XML 135 R15.htm IDEA: XBRL DOCUMENT v2.4.0.8
Commitments and Contingencies
6 Months Ended
Jun. 30, 2013
Commitments And Contingencies Disclosure [Abstract]  
Commitments and Contingencies

Note 8. Commitments and Contingencies

Leases

Capital Leases

We entered into direct financing transactions with the State of Rhode Island and received proceeds from the issuance of industrial revenue bonds totaling $5,000,000 to finance the construction of our pilot manufacturing facility in Rhode Island. The related lease agreements are structured such that lease payments fully fund all semiannual interest payments and annual principal payments through maturity in August 2014. The interest rate for the remaining bond series is 9.5%. The bond contains certain restrictive covenants which limit, among other things, the payment of cash dividends and the sale of the related assets. The outstanding principal was approximately $231,000 at June 30, 2013 and $331,000 at December 31, 2012.

Operating Leases

We lease various real properties under operating leases that generally require us to pay taxes, insurance, maintenance, and minimum lease payments. Some of our leases have options to renew.
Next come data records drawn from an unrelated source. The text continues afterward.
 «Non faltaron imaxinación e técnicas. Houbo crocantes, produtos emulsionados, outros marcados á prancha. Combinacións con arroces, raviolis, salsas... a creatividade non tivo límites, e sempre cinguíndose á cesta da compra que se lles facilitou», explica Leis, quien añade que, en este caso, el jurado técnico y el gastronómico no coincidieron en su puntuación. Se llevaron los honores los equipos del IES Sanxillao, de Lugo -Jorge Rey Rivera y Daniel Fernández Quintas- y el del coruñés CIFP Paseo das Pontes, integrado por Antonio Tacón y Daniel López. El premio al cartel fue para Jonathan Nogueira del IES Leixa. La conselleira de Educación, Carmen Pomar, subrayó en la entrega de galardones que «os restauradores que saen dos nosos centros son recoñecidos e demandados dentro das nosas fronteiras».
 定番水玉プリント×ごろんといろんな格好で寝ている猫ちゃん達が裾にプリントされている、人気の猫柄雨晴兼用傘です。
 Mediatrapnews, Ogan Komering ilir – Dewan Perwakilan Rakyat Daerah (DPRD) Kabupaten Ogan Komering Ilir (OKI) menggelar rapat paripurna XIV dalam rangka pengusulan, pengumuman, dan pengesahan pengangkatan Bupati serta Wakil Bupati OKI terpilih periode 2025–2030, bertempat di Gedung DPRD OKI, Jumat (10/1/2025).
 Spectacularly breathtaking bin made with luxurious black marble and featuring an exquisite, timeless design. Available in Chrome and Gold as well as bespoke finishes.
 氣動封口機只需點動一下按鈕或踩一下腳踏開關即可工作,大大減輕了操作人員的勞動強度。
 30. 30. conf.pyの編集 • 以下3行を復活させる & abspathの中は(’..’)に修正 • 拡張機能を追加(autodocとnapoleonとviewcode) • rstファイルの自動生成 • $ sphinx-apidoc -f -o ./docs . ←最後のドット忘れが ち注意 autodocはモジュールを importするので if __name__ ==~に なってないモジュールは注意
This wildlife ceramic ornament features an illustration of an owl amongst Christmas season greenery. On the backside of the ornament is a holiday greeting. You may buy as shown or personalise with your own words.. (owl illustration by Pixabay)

Operating Leases — California

In September 2010, we entered into a two-year sublease agreement with Caliper Life Sciences, Inc., for approximately 13,200 square feet in a facility located in Mountain View, California. In June 2012, the sublease term was extended to September 30, 2013. We will pay approximately $1,081,000 in aggregate as rent over the term of the lease.
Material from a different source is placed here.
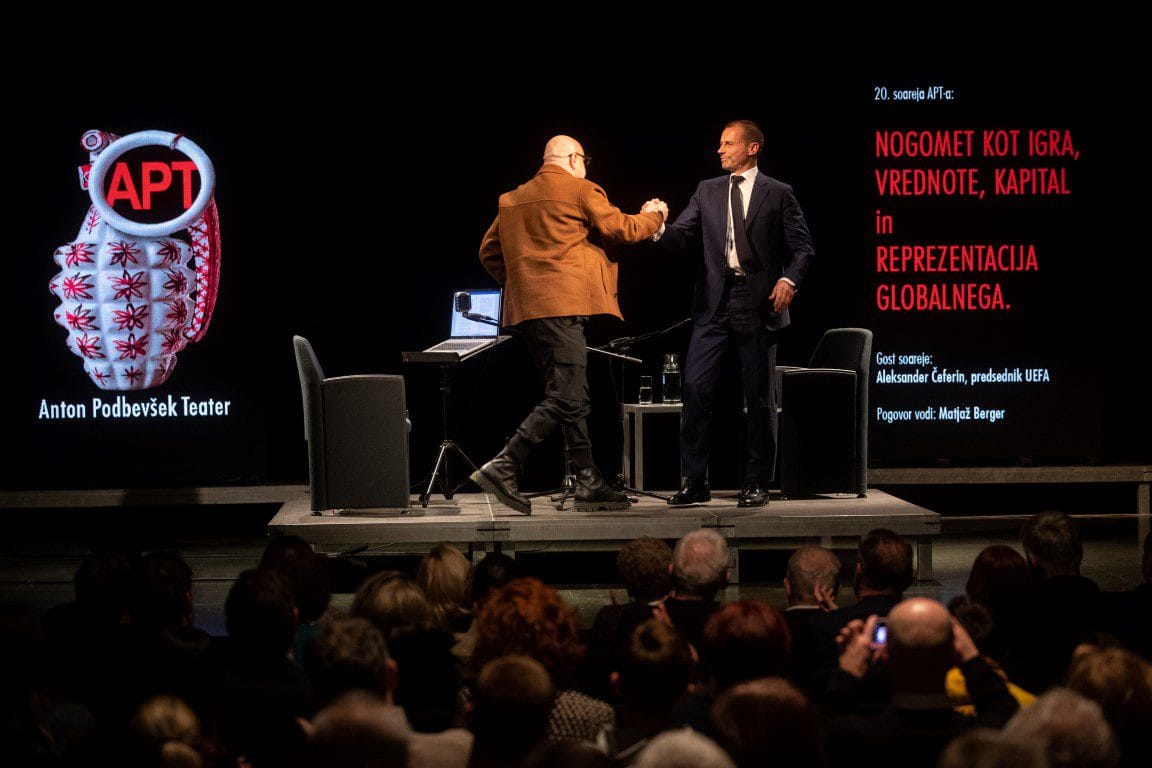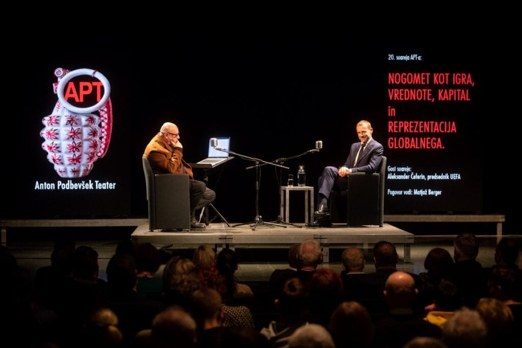 V Anton Podbevšek Teatru so pred polno dvorano gostov minuli petek izvedli 20. soarejo, z naslovom Nogomet kot igra, vrednote, kapital in reprezentacija globalnega, z gostom Aleksandrom Čeferinom, predsednikom UEFA. Pogovor je vodil ravnatelj APTa, Matjaž Berger.

In December 2010, we entered into a commercial lease agreement with BMR-Gateway Boulevard LLC (BMR), as landlord, for approximately 43,000 square feet of office and research space at BMR’s Pacific Research Center in Newark, California. The initial term of the lease is approximately eleven and one-half years and includes escalating rent payments which we recognize as lease operating expense on a straight-line basis. We will pay approximately $17,869,000 in aggregate as rent over the term of the lease to BMR. Deferred rent for this facility was approximately $1,420,000 as of June 30, 2013, and approximately $1,389,000 as of December 31, 2012.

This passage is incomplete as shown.